Regarding your suggestion about copying into blocks, that is a very
good idea. The problem at present is that we break up into blocks
vertically, not horizontally. But we absolutely should be doing it
horizontally. The reason is that we could break along cache line
boundaries. Then if we copied into blocks as you suggest, before
calling M4RM, the time saving should be quite noticeable. I think I
will investigate this when I get some more time to work on this.
Regarding the asymptotics, I think they are the same as Magma. The
time for addition is absolutely tiny in comparison with multiplication
(like 1000 times smaller). Each matrix above our crossover to Strassen
is also already well outside the L2 cache size. Thus there just isn't
anything to save either in cache friendliness or in the additions.
Thus I think the issue is actually still in the M4RM routine.

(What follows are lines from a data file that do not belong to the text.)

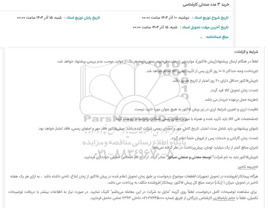 در صورت نیاز به دریافت راهنمایی یا پشتیبانی در خصوص استعلام و مناقصه و فراخوان مناقصه عمومی، مناقصه محدود، مناقصه بین المللی، مناقصه دولتی، مناقصه خصوصی، مناقصه آنلاین فروش تجهیزات، مناقصه مشاورهای مناقصه پتروشیمی و انرژی مناقصه صنایع و تجهیزات برق و مخابرات و نفت و گاز ... لطفاً با سایت خبری مناقصه و مزایده پارسنماد دادهها به شماره 88349670 تماس حاصل فرمایید.
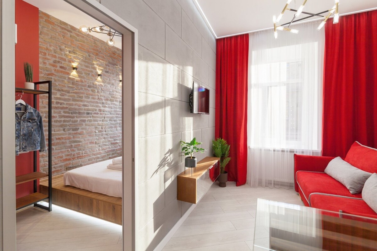 Disfruta del ambiente elegante de este alojamiento en el corazón de la antigua Lviv. Todos los monumentos arquitectónicos están a poca distancia a pie: Teatro de la Ópera Plaza del mercado Avenida central con una fuente Museo del Mercado,, Vernissage,, El departamento se encuentra en la zona del patrimonio histórico de la UNESCO, Moderna renovación de estilo loft con todo lo necesario para una estancia cómoda
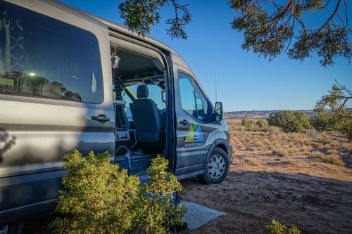 Travel and Share Space with Other Guests – Four people share a large van together.
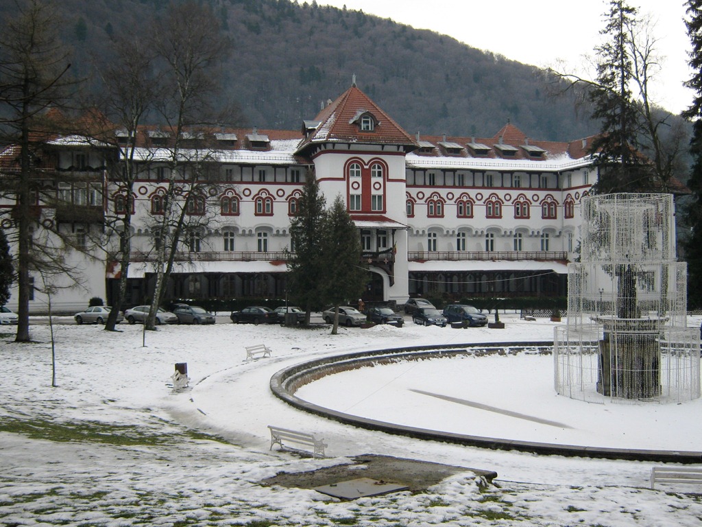That day was warm. Everything was melting. Predeal is the quiet area in the Prahova Valley, so they told us. The action is in Sinaia, so that’s where we went. My mom and brother brought their ice skates (mine was somewhere on the way from Germany to Romania but that’s a long story) so the first thing was to search for the ice rink in Sinaia, which we found easily. My mom and brother changed into their ice skates but I refused as soon as I saw the ice rink. Half of it was melted already and it was bumpy too.
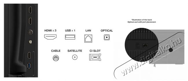 | Be- és kimenetek | CI+, CI+ 1.4, Digitális optikai/digitális hangkimenet, HDMI 2.1, LAN, USB |
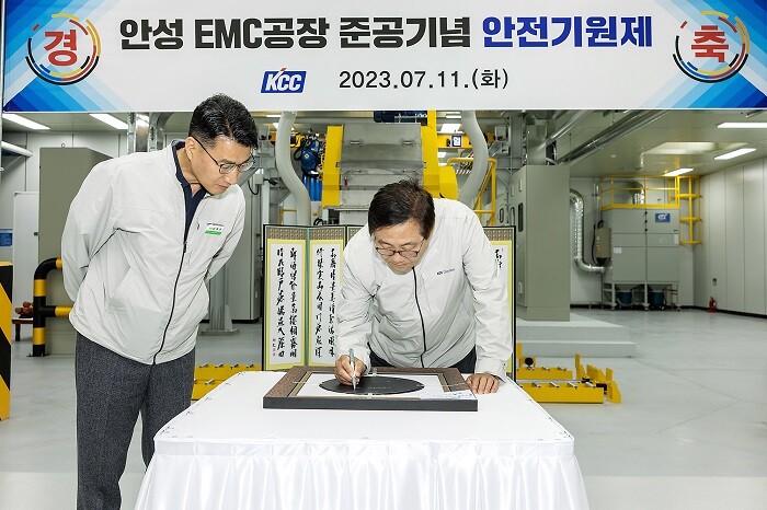 지난 11일 KCC는 경기도 안성시 서운면에 위치한 KCC안성공장에 EMC 생산라인을 신설하고 무사고 무재해를 기원하는 안전기원제를 가졌다고 12일 밝혔다. 이날 행사에는 KCC 정몽진 회장, 정재훈 사장을 비롯한 협력업체 및 관계자 50여 명이 참석했으며, 반도체 웨이퍼에 사인 세리머니 행사도 함께 진행했다.
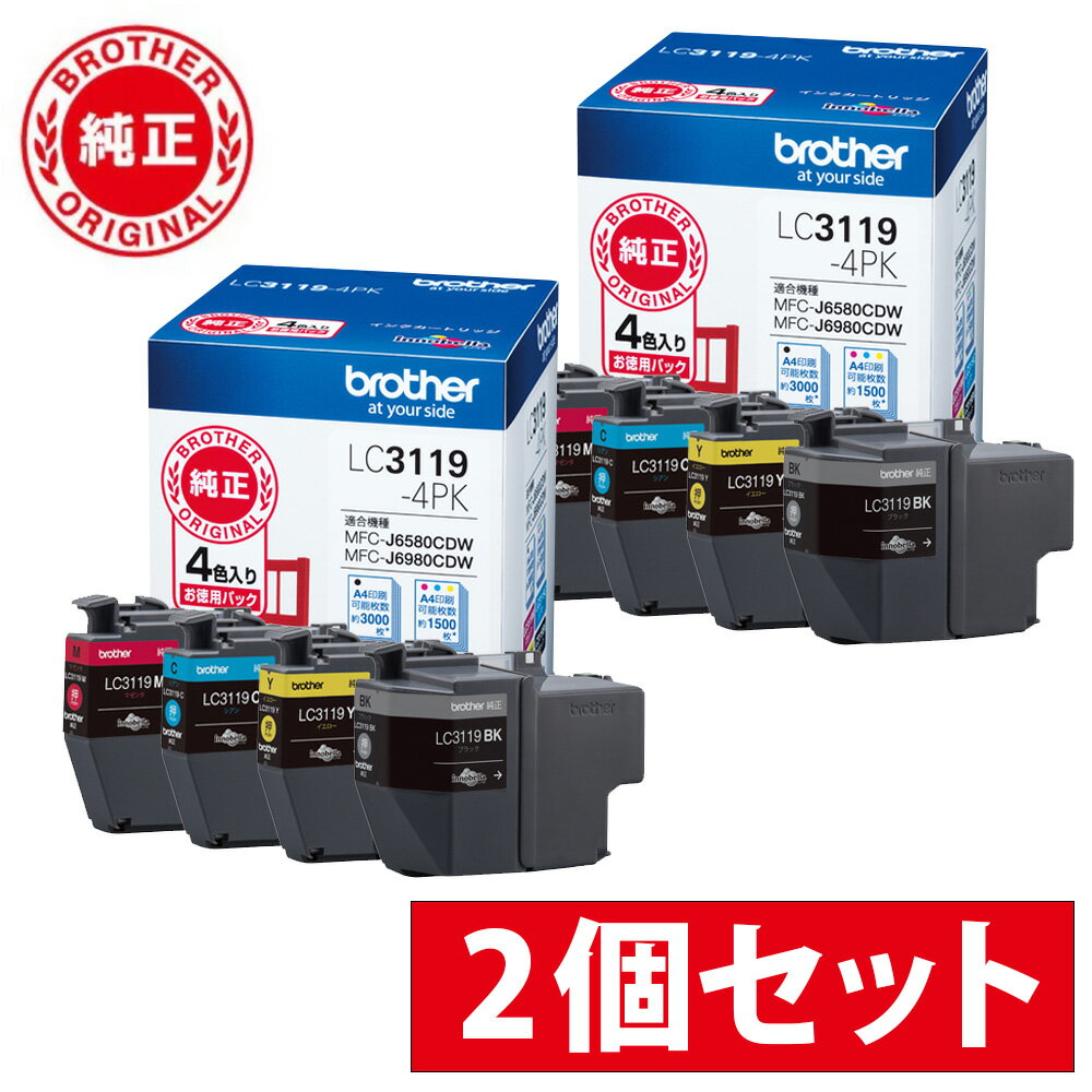 【2個セット】【純正】【送料無料】ブラザー LC3119-4PK インクカートリッジ大容量タイプ お徳用4色パック| 複合機 インク インクカートリッジ インクタンク 純正
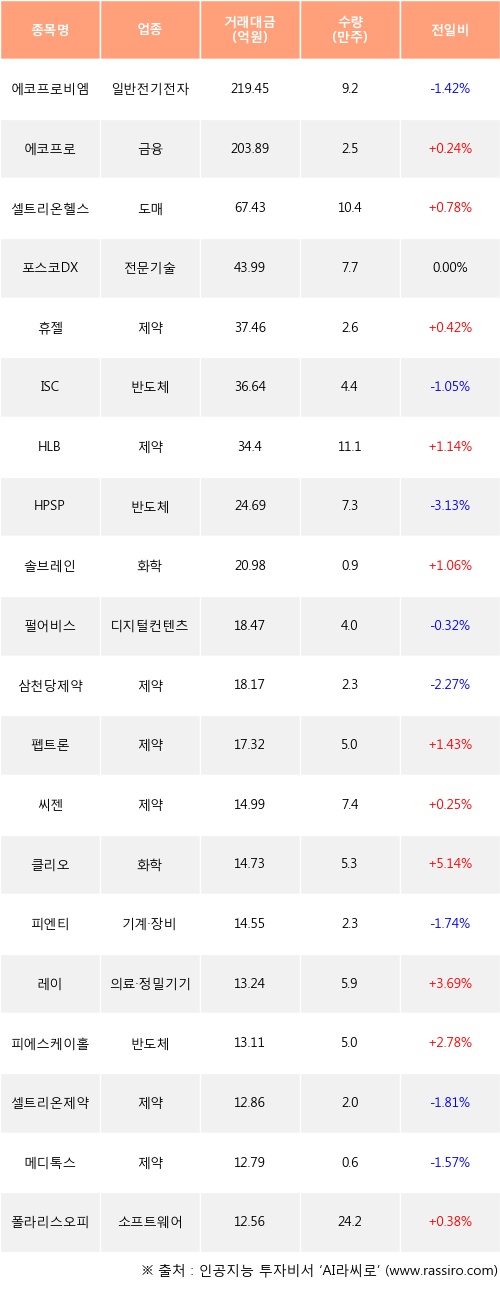 에코프로, 셀트리온헬스케어, 휴젤 등은 전일 대비 주가가 상승했고, 에코프로비엠, ISC, HPSP 등은 주가가 하락했다.
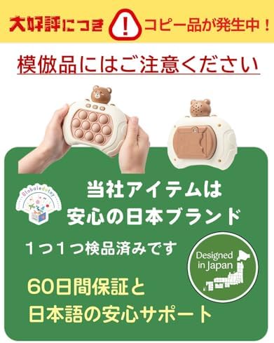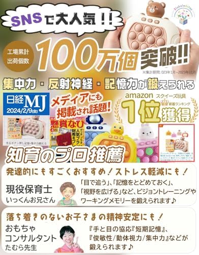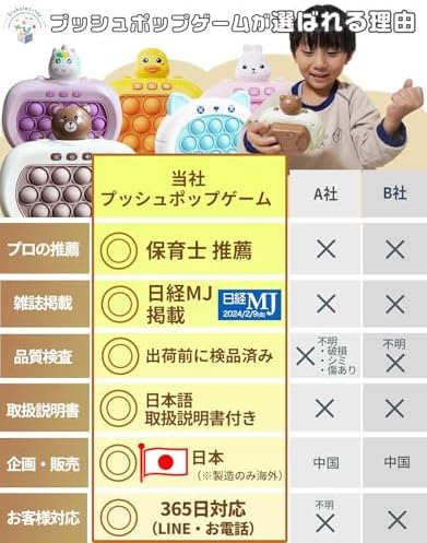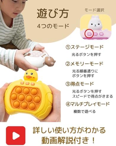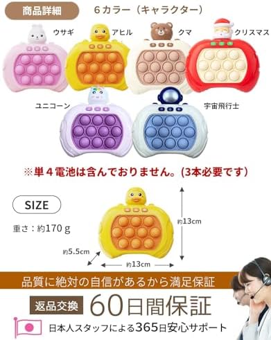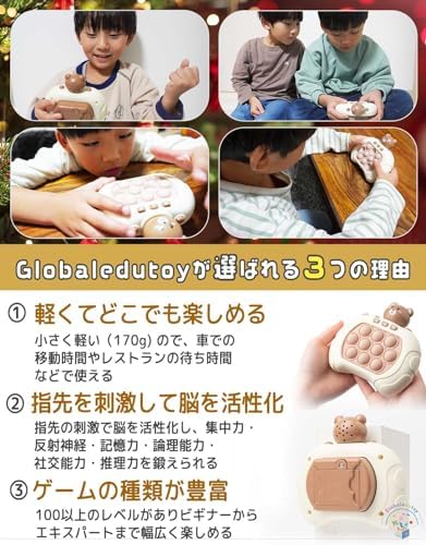 🧩【知育のプロ推薦】「現役保育士いっくんお兄さん」と「おもちゃコンサルタントたむら先生」の推薦!Globaledutoyのプッシュポップゲームは「目で追って押す」「記憶をとどめておく」「視野を広げる」など、ビジョントレーニングやワーキングメモリーを鍛える要素もあり、発達的にもすごくおすすめです。ストレス軽減にも繋がります。光るところを押す『手と目の協応』や光る順番を覚えて押す『短期記憶』、制限時間内に素早く押す『俊敏性・動体視力・集中力』などが鍛えられます。何かを触っておかないと落ち着かないようなお子様も精神安定に繋がるおもちゃとして推薦します。 🧠【6つの能力が鍛えられる】脳を発達させ集中力、反射神経、記憶力、論理的思考力、社交性、推理力が鍛えられます。①集中力:触っているうちに集中力が増していきます。②反射神経:瞬時に変わる光るボタンを押すことで素早い動きを養われます。③記憶力:どのボタンがまだ光っていないか、どこを押したか等を自然に覚えます。④論理的思考力:どのように押せば早く推せるか、ミスが少なくなるかなど論理的に考えるようになります。⑤社交性:一緒に遊ぶことでコミュニケーションを増やします。⑥推理力:パターンから次に光る個所を推測できるようになります。またストレス発散も期待できます。 🎉【Globaledutoyが選ばれる理由】①軽くてどこでも楽しめます。小さく軽い(170g)ので、車での移動時間やレストランの待ち時間などで使えます。②指先を刺激して脳を活性化し集中力・反射神経・記憶力・論理能力・社交能力・推理力を鍛えられます。③ゲームの種類が豊富なため(100以上のレベルで)ビギナーからエキスパートまで幅広く長くお楽しみ頂けます。 🐻【革新的なもぐらたたきゲーム】クセになるバブルポップの定番を高速で楽しむ電動ゲームです。高品質なABS素材を使用し、快適なタッチ感があります。お手入れが簡単です。また、耐衝撃性と耐久性にも優れ、ボタンが壊れにくい設計になっています。人間工学に基づいたデザインで、長時間のプレイでも手が痛くなりません。携帯に便利なサイズで、いつでもどこでもゲームを楽しめます。音量は調整可能で、静音にも設定できます。 🎮【操作方法はとても簡単】4つの楽しいゲームモード(①ステージモード②メモリーモード③得点モード④マルチプレイモード)があります。ランダムに点灯するボタンを覚えて、正確かつ迅速に押して各レベルをクリアしましょう。もし間違えた場合は、ゲームオーバーになります。各モードには異なる難易度レベルがあり、子供たちの反応速度、記憶力、協調能力を鍛えるのに役立ちます。 🎁【特別な瞬間を彩る最高の贈り物】クリスマス、お誕生日などの特別な日のプレゼントにピッタリです。安全で楽しく、知育にも最適な子供向けのおもちゃです。一緒に遊ぶことで親子の絆も深めてくれること間違いなしです。 🔋ご使用には単4乾電池3本が必要です。製品には含まれておりませんので別途ご用意する必要がございます。製品に電池を挿入したらまず電源ボタンを押して起動します。次に、製品の背面にある確認ボタンを押してゲームを開始してください。※ライトの点灯色は赤・緑のいずれかとなります。お選びできないことをご了承ください。もしボタンが動かない場合は、一度電源を切り電池の入れ替え、再起動をお願いします。
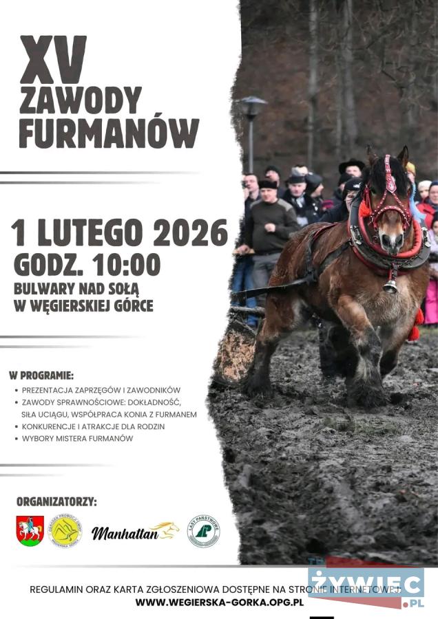 Zapraszamy do galerii zdjęć z XV Zawodów Furmanów, które odbędą się w Węgierskiej Górce już w najbliższą niedzielę. Impreza to hołd dla pracy człowieka i konia w Beskidzie Żywieckim. Tradycja spotyka siłę, a doświadczenie - precyzję. Zawody nie tylko to sport, ale także historia i zaufanie. Konie pociągowe i umiejętności furmanów będą gwiazdami dnia. Wydarzenie kierowane jest do całych rodzin, zapewniając emocje i wiele atrakcji. Przybądź i celebrować góralską tradycję razem z nami!
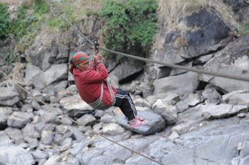 記者驅(qū)車從怒江州府所在地六庫鎮(zhèn)出發(fā),沿著怒江一路北行,多次看到當(dāng)?shù)匕傩樟锼鞫^。福貢縣馬吉鄉(xiāng)旺基獨村村民阿起說,她是過江來買鹽的,如果不用溜索,要多走1個多小時!拔覀兇笕诉^溜索很正常,但是小孩上學(xué)要單獨溜索,還是很危險的!
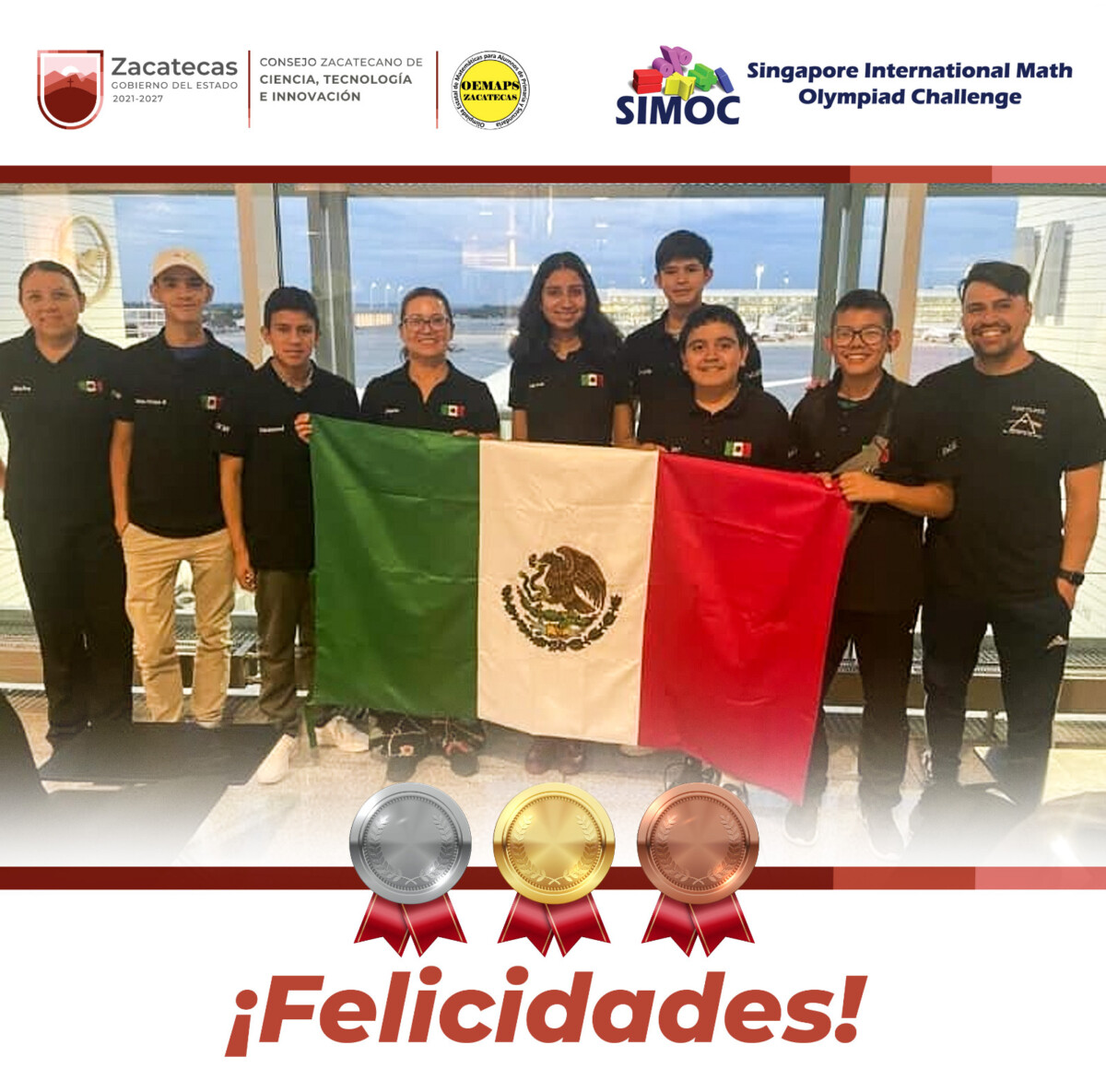 Zacatecas, Zac.– Una vez más, Zacatecas demostró su compromiso, dedicación y talento en la competencia Internacional de Matemáticas, realizada en Singapur, ya que, gracias a su buena preparación, disciplina y esfuerzo, siete estudiantes zacatecanos obtuvieron 12 galardones: nueve medallas y tres menciones honoríficas.
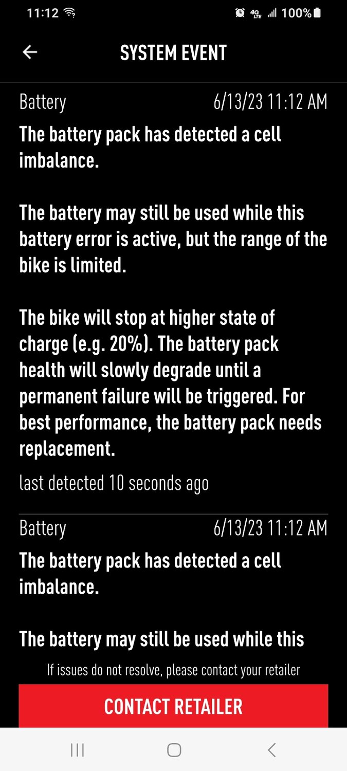 For my 3 year old Turbo Creo SL I am getting an error message on Mission Control that says "The battery pack has detected a cell imbalance" and that "The bike will stop at higher state of charge (20%)" and that "The battery pack will slowly degrade until a permanent failure will be triggered." Also, when charging, the charging stops at 78%, so that I cannot charge to anything higher than 78%. Attached is screenshot of the Mission Control error message.
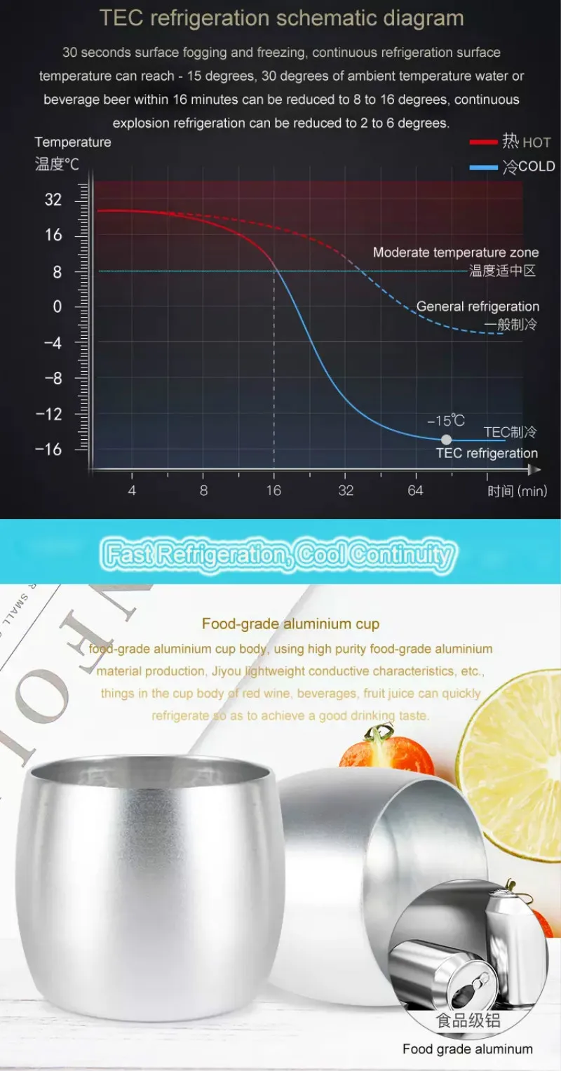 1. Одна кнопка, чтобы открыть режим охлаждения, быстро достичь точки замерзания, температура охлаждения может быть уменьшена до 25 градусов, может быть охлаждено мороженое, пиво, йогурт, сок и так далее.
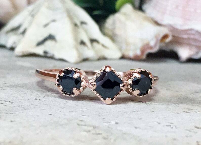2ct Engagement Ring Princess Cut Black Diamond Three Stone 14k Rose Gold Finish
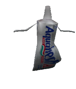 A tube of Aquafresh toothpaste with arms running across the screen, a playful and animated character.

Basically 32000x32000 breaks down into matrices of size 2000x2000 when
it gets below the crossover. These smaller matrices are just taking
too long to multiply.
The reason that I formerly felt that there was a problem with Strassen
is that when we compared 10000x10000 and 20000x20000 it seemed that
Magma beat us for the latter, but not the former. But when 20000x20000
gets broken down, it can't get broken into 10000x10000 because 10000
is not divisible by 64. So it can't be broken in this way along a limb
boundary. So whatever it is broken down into is too slow. That's where
we need to focus our efforts now, I think.
Bill.
On 20 May, 02:14, Clement Pernet <[EMAIL PROTECTED]> wrote:
> hi guys,
>
> I am finally up to date with this discussion (I was being interviewed,
> and then flying when it started).
> First, congrats for the great job you have achieved. I have started to
> dive into m4ri, and I really like the quality of the code.
>
> I have a few remarks
>
> * the loop unrolling technique used for the creation of the table, could
> maybe be used in the computation of the product as well.
> Is 8 optimal? I remember seeing 32 in ATLAS, but don't know of any
> justifications. Since some pipeline are longer than 8, this might be
> better to have a longer unrolled loop.
>
> * I am not sure about this, but wouldn't it be better to have a block
> decomposition that matches the babystep-giantstep structure?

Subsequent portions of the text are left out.